### PROBLEM TO SOLVE
Omit all pictures. Quote only the lines from the one with "가져올 사이트를 선택하고 가져오기 버튼을 클릭합니다." through the end of the material below.

### THE DATA
**********

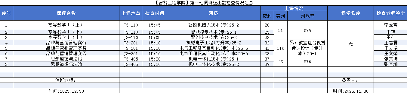 辅导员与任课老师们仔细沟通交流,确保查课的有效性和真实性,切实了解学生们在课堂中的真实状态。本周学风建设课堂检查活动,对智能机器人技术(专)25-2、智能控制技术(专)25-1、智能控制技术(专)25-2、机械电子工程(专升本)25-2、电气工程及其自动化(专升本)25-5、电气工程及其自动化(专升本)25-6、机电一体化技术(专)25-1、机电一体化技术(专)25-2共8个班级进行了检查,具体结果如下:
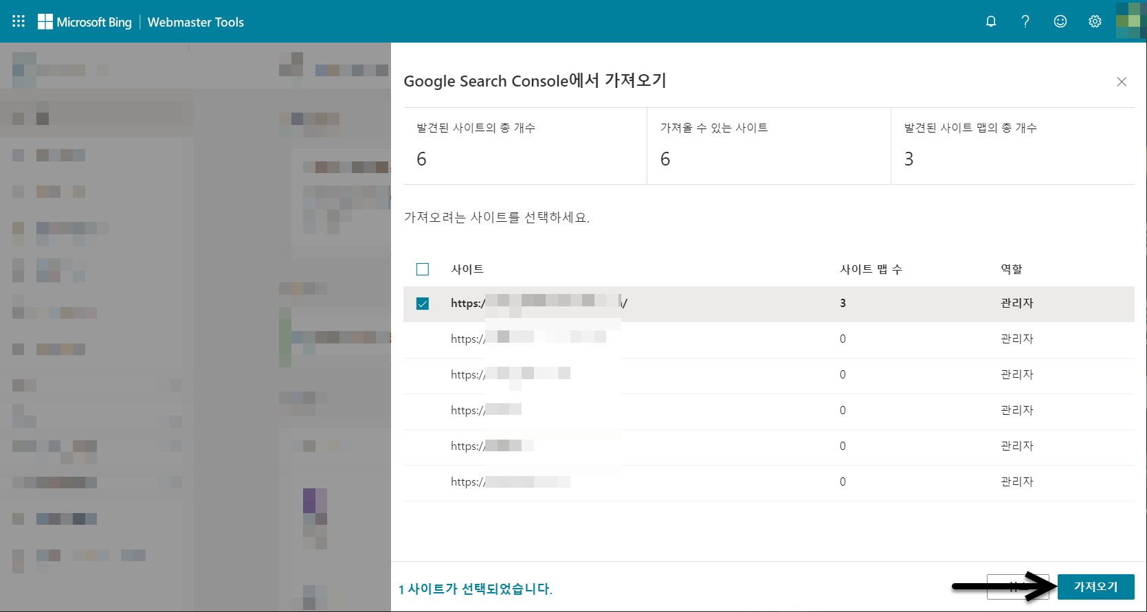 가져올 사이트를 선택하고 가져오기 버튼을 클릭합니다.
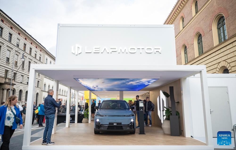 Pessoas visitam a área de exposição da Leapmotor na IAA Mobility 2025 em Munique, Alemanha, em 10 de setembro de 2025. A IAA Mobility 2025, uma das maiores feiras de mobilidade do mundo, começou na terça-feira, com montadoras e fornecedores globais apresentando veículos elétricos (EVs), direção autônoma e inovações baseadas em software. A China se destaca como a maior fonte de expositores estrangeiros, disseram os organizadores, com 116 empresas, incluindo as fabricantes de EVs BYD, Xpeng e Leapmotor, a gigante de baterias CATL e empresas de tecnologia como Zhuoyu e DeepRoute.ai. (Xinhua/Zhang Fan)

**********

### RESPONSE AREA
 가져올 사이트를 선택하고 가져오기 버튼을 클릭합니다.
 Pessoas visitam a área de exposição da Leapmotor na IAA Mobility 2025 em Munique, Alemanha, em 10 de setembro de 2025. A IAA Mobility 2025, uma das maiores feiras de mobilidade do mundo, começou na terça-feira, com montadoras e fornecedores globais apresentando veículos elétricos (EVs), direção autônoma e inovações baseadas em software. A China se destaca como a maior fonte de expositores estrangeiros, disseram os organizadores, com 116 empresas, incluindo as fabricantes de EVs BYD, Xpeng e Leapmotor, a gigante de baterias CATL e empresas de tecnologia como Zhuoyu e DeepRoute.ai. (Xinhua/Zhang Fan)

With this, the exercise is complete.